Con un gran alarde de inhumanidad se despachó la presidenta de la Comunidad de Madrid, Isabel Díaz Ayuso, al justificar que en plena pandemia los mayores en residencias no se derivaran a hospitales, porque se iban a morir igual y no se iban a salvar en ningún sitio. Pero ha obviado que no es lo mismo morir en un hospital sedado y con cuidados paliativos que hacerlo en una habitación solo, asustado y entre dolores insoportables. Si hay que morir (no está claro que así tuviera que ocurrir para los 7.291 mayores residentes cuando entre los que sí fueron hospitalizados se salvaron el 65%), que sea siempre con el objetivo de una buena muerte.
Hoy día parece que podemos elegirlo todo, menos la forma y el momento de morir (salvo entre los suicidas). Por medio se encuentran los familiares y los profesionales de la medicina que se inmiscuyen en el proceso de morir de las personas. La muerte no sólo implica al que se va sino también a los que se quedan. Y los que se quedan tratan de burlar a la parca, como si quien se va a morir no fuera capaz de tomar la decisión acertada o deseada, es decir, la buena muerte.
La antropóloga María Catedra señalaba que la buena muerte sucede a una cierta edad, cuando el individuo ha completado su ciclo vital (morir de viejo), y el desenlace ocurre sin enfermedades ni violencias, es decir, de una manera “natural”. Los que mueren de viejos no padecen una enfermedad específica, sino que simplemente se terminan, es decir, se acaban. Este tipo de muerte de vejez, o natural, representa a nivel humano la continuación del ciclo general de la naturaleza. Con la vejez empiezan a desaparecer los miedos a la muerte, aunque, dependiendo de las circunstancias, se dan diferentes actitudes. Así ciertos ancianos pierden la consciencia total de su próxima muerte, en cuyo caso “no la sienten”; otros, en cambio, se resignan e incluso aceptan la idea y, por último, los que padecen fuertes dolores “piden la muerte”.
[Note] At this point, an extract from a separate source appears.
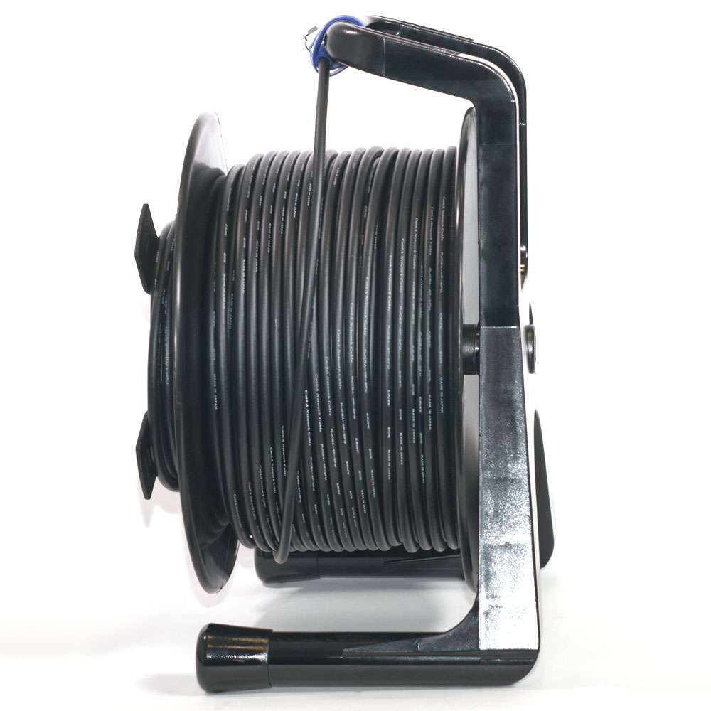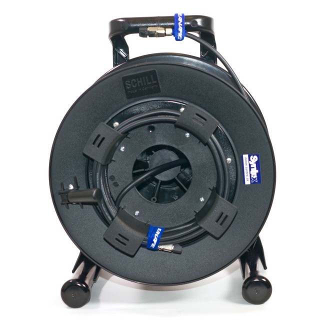Cable flexible CAT6A STP de 23 AWG con un diámetro exterior de 8,6 mm y conectores Telegartner RJ45, enrollado en un carrete Schill GT 380.RM. Los cables Ethernet se utilizan no solo para redes informáticas, sino también, últimamente, para redes de audio digital, cámaras en red y transmisiones HDBaseT. La longitud total del cable se indica incluyendo los conectores.
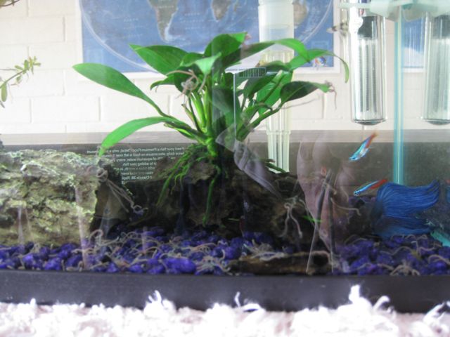 My neon tetras have no survived a month in my tank, so I’m pretty confident they’ll live long and happy lives (those that my reticulate didn’t eat, that is). I’m slightly concerned about Gandalf’s fin health, so I’ll be looking into that this week. At present my reticulate and my fighting fish (Gandalf) are eating live worms, as pictured writhing on the gravel here (mmm. . . live spaghetti):

En realidad, se oponen dos clases de muerte: la buena y la mala muerte. Una buena muerte se caracteriza, entre otras cosas, por la rapidez del desenlace, por la inmediatez, por lo inesperado, mientras que la muerte mala significa semanas, meses o aun años de lenta agonía. La buena muerte, o la muerte feliz, es la que sobreviene sin estridencias durante el sueño, sin que se entere el afortunado. Es una muerte sin dolor, corta o inesperada, una muerte sin agonía. Porque aún en el caso de que sea una muerte violenta, deseamos que ésta se produzca de manera rápida y sin dolor, porque lo que realmente nos asusta, no es tanto la propia muerte, como el dolor, el sufrimiento o la agonía.